Más de dos siglos han pasado desde aquel primer Romanticismo, y por supuesto la literatura se fue ampliando, confundiendo con otras esferas del arte y las ciencias. La característica principal de la literatura, se dice, es que hace un uso del lenguaje que no es unívoco, que no es fundamentalmente comunicacional, que no presenta las formas de la transparencia, de la veracidad, de lo verosímil; que la transmisión simple, clara y efectiva del mensaje no son su objetivo, sino que por el contrario, este está dado en explotar la complejidad del lenguaje.
Sin embargo los preceptos literarios no son inmutables, porque tampoco lo es la palabra. Lo literario ha superado ya las limitadas disputas de autonomía. La literatura no tiene límites por el sólo hecho de no ser algo que pueda ya encasillarse, moldearse, finalmente, domarse: literatura es lo real y lo ficticio; lo que sucedió y lo que podría suceder. La literatura aprehende todo aquello susceptible de ser vivido, es decir, de ser imaginado. Jugar con las palabras está al alcance de todo el mundo. Es por eso que los géneros y las formas cambian, y que cualquiera puede captar en el lenguaje algo del orden de lo literario.
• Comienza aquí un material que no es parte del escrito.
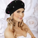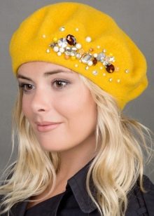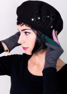 In a modern female bow, berets are actively decorated with additional decorative elements: rhinestones, brooches, embroidery, a veil and even semiprecious minerals.

La literatura de hoy ha recorrido los caminos de la desacralización; se confunde cada vez más en un sistema de significaciones ambivalentes, en donde los estético se retroalimenta de la cultura, y sus lecturas no permiten juzgarlas con parámetros meramente literarios, sino también socio-económicos. La realidad es ficción y la ficción es la realidad. No obstante esto, no existe la intención de generar una disputa, desde ya irrelevante y anacrónica, acerca de lo que es o no la Literatura. Así, ella aparece a la vez como la expresión máxima, proyección de la subjetividad del alma o el reflejo en el plano sensible del genio creador, tal y como el Romanticismo temprano planteaba, pero también en tanto sistema integrado al medio de producción capitalista, es una mercancía, con valor de cambio y resultado indiscutible de la cultura, donde el trabajo de la palabra es utilizado con fines muy distintos a la mera contemplación del mundo.
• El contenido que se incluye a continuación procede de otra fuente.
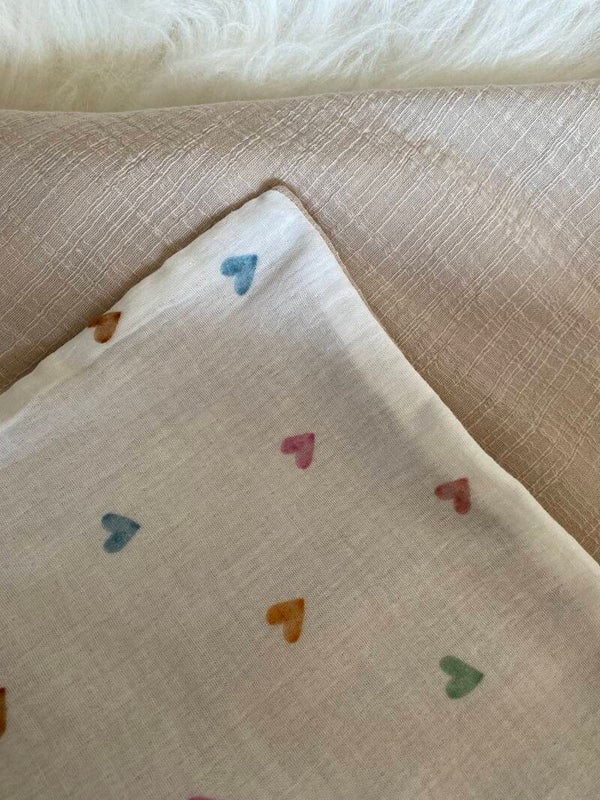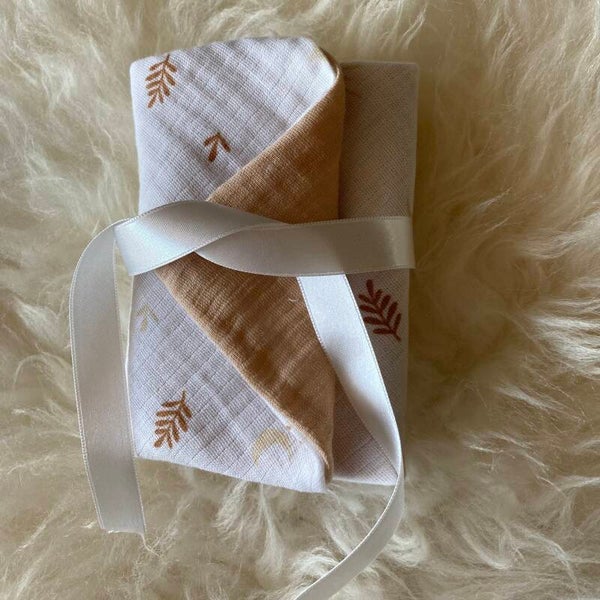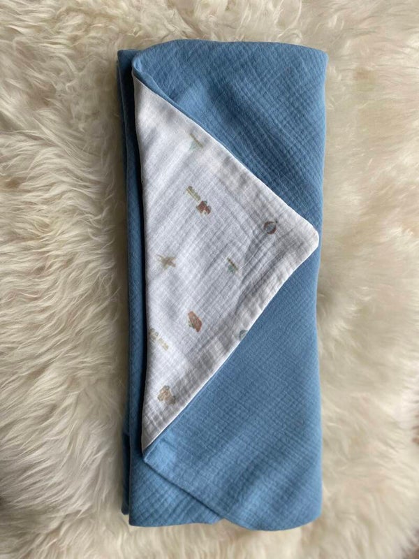 De Vlinderwade is gemaakt van dubbel, zacht katoen – licht, ademend en fijn om aan te raken.

Y después de todo ello, por sobre todo ello, el nombre de Novalis perdura, e incluso en nuestros días es recuperado en ediciones independientes, que nos sirven, tal vez, para marcar el paso de las sociedades en las que vivimos y recomendar observarlas desde una
mirada Otra: "Pero yo me vuelvo hacia la noche; la santa, indecible,misteriosa noche. Lejos queda el mundo...", escribe Novalis en
el primerode los seis poemas que componen Himnos a la noche, título reciente –2017– de la colección Zona de Tesoros de Interzona.
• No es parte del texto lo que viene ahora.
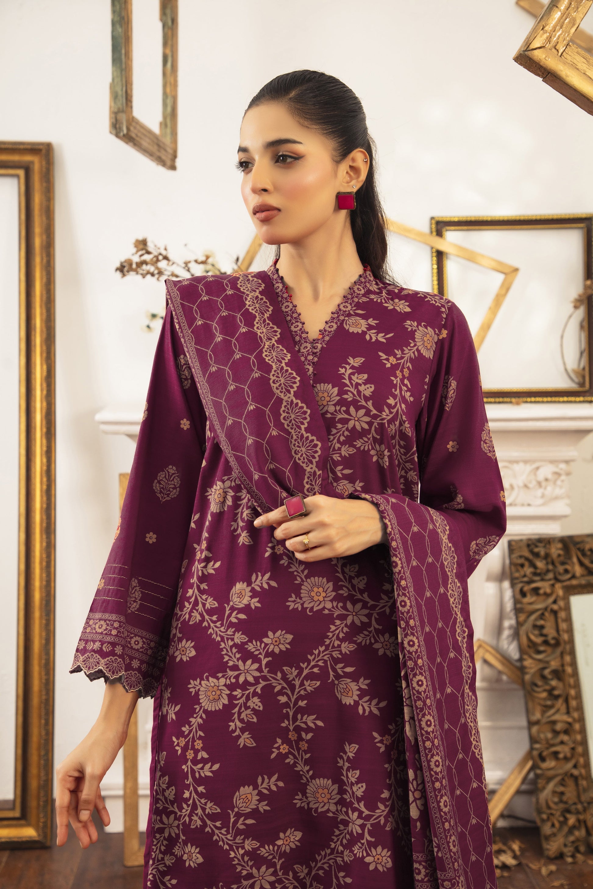 Dupatta: Textured Pearl Printed 01 Piece

Georg Philipp Friedrich von Handerberg, Novalis, asoma como la quintaescencia del idealismo alemán, el hijo pródigo de aquel Romanticismo Temprano liberado al mundo desde su círculo de intelectuales de Jena. Aquel joven audaz que diera el carácter de absoluto sólo a lo poético, como lo único que representaba en sí mismo un principio y fin, con la forma de un desdoblamiento "entre la luz y la oscuridad, el sueño y el despertar, la historia y la eternidad, la soledad y la vida nueva...". En esa dialéctica eterna la conclusión única y completa no era más que la poesía.
Redescubrir el mundo, tal vez, no sea más que eso: observarlo de forma irreverente, concentrando en él una mirada poética.